**Dataset excerpts:**
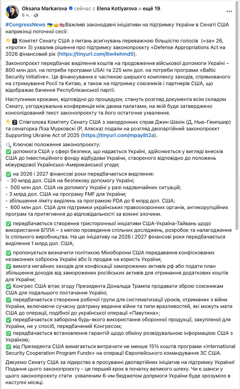 Также Маркарова пишет, что в комитете иностранных дел представили двухпартийный законопроект, которым предлагается выделить Украине в 2026 и 2027 годах 30 млрд долл. на прямую военную помощь, 500 млн на случай чрезвычайных ситуаций, 600 млн на правоохранительные органы, антикоррупционные программы и привлечение к ответственности за военные преступления.
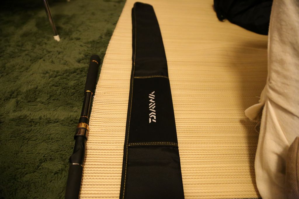 さすが最高位機種といった袋に入っている。ロッドケースだけで2000円位するんじゃないか?といえるレベルの作りなので移動の際も傷が付かない。ソフトケースなので強い衝撃には耐えられないだろうがその辺にぶつけたぐらいでは中にダメージが及ばないくらい分厚い。
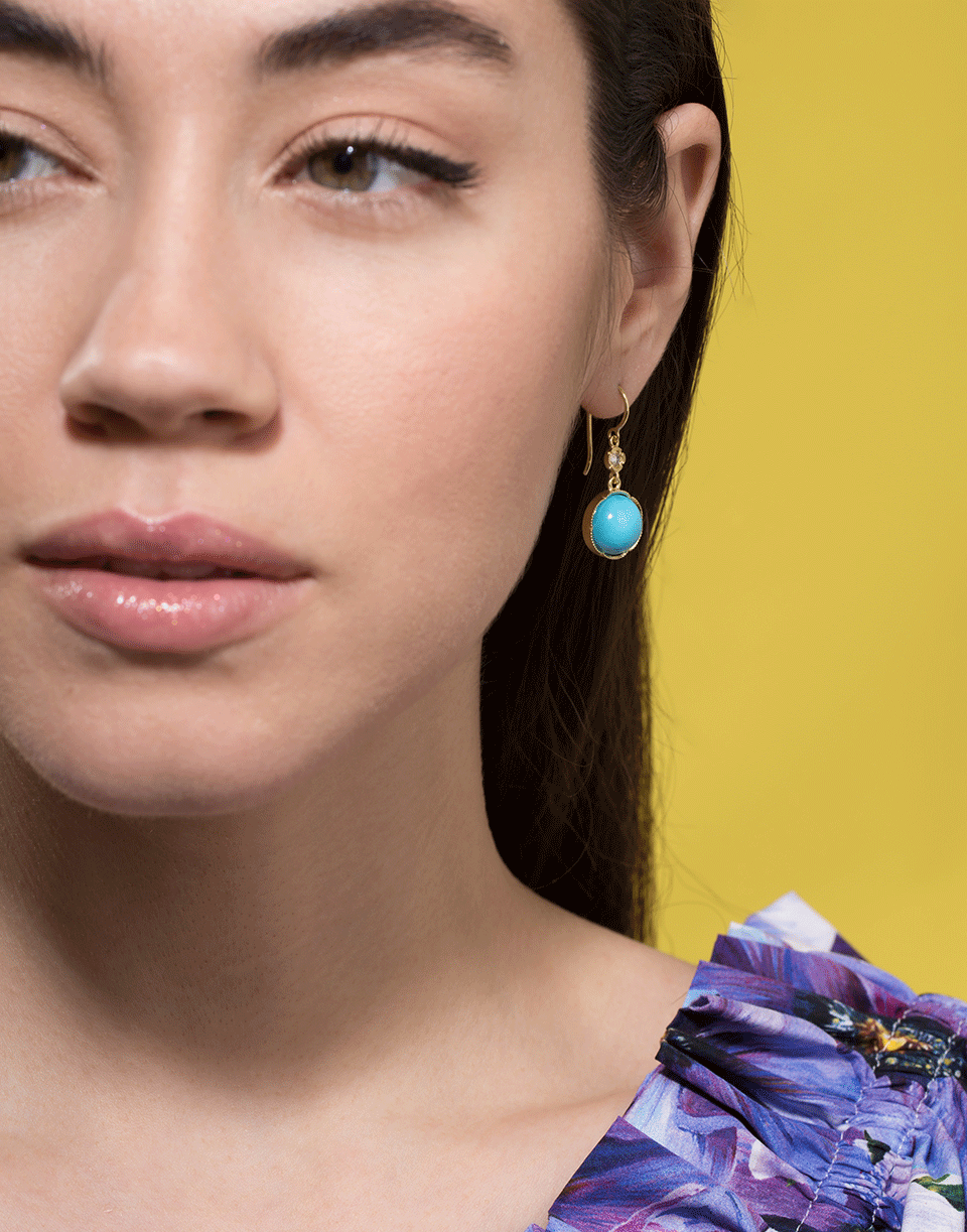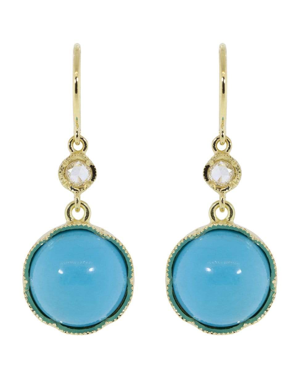 Irene Neuwirth kingman turquoise and rose cut diamond drop earrings set in 18k yellow gold. For pierced ears.
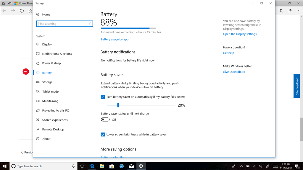 I to did the fall update, I don't have a slider and I don't know where you're seeing It? Here's what I have when I click on the battery in the system tray and when I click on it a second time in the second pic.
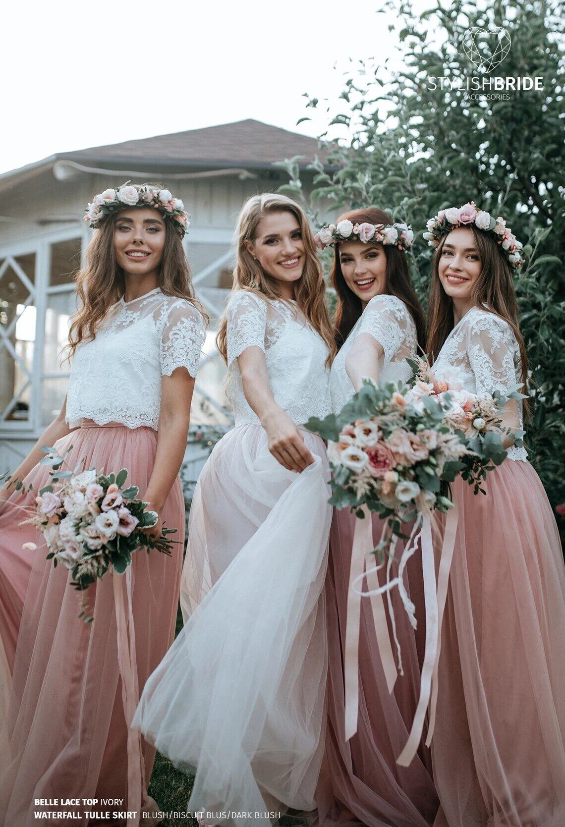 FATAPAESEブラッシュピンクの花嫁介添人ドレスボヘミア自由奔放に生きる夏のレーストップとベルレースの下のチュールスカートは女性のガウンを適用します
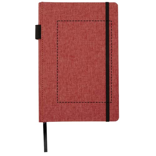 A5 size notebook with cover made of RPET fabric. Features 96 sheets 70 g/m² recycled paper with lined layout, a pen loop and ribbon marker. Packed in a cardboard sleeve.

**Task goal:** Using the data above, print only the lines starting at the one with "I to did the" and ending at the one with "FATAPAESEブラッシュ", exactly as they stand, minus the pictures.

**Result for this exercise:**
 I to did the fall update, I don't have a slider and I don't know where you're seeing It? Here's what I have when I click on the battery in the system tray and when I click on it a second time in the second pic.
 FATAPAESEブラッシュピンクの花嫁介添人ドレスボヘミア自由奔放に生きる夏のレーストップとベルレースの下のチュールスカートは女性のガウンを適用します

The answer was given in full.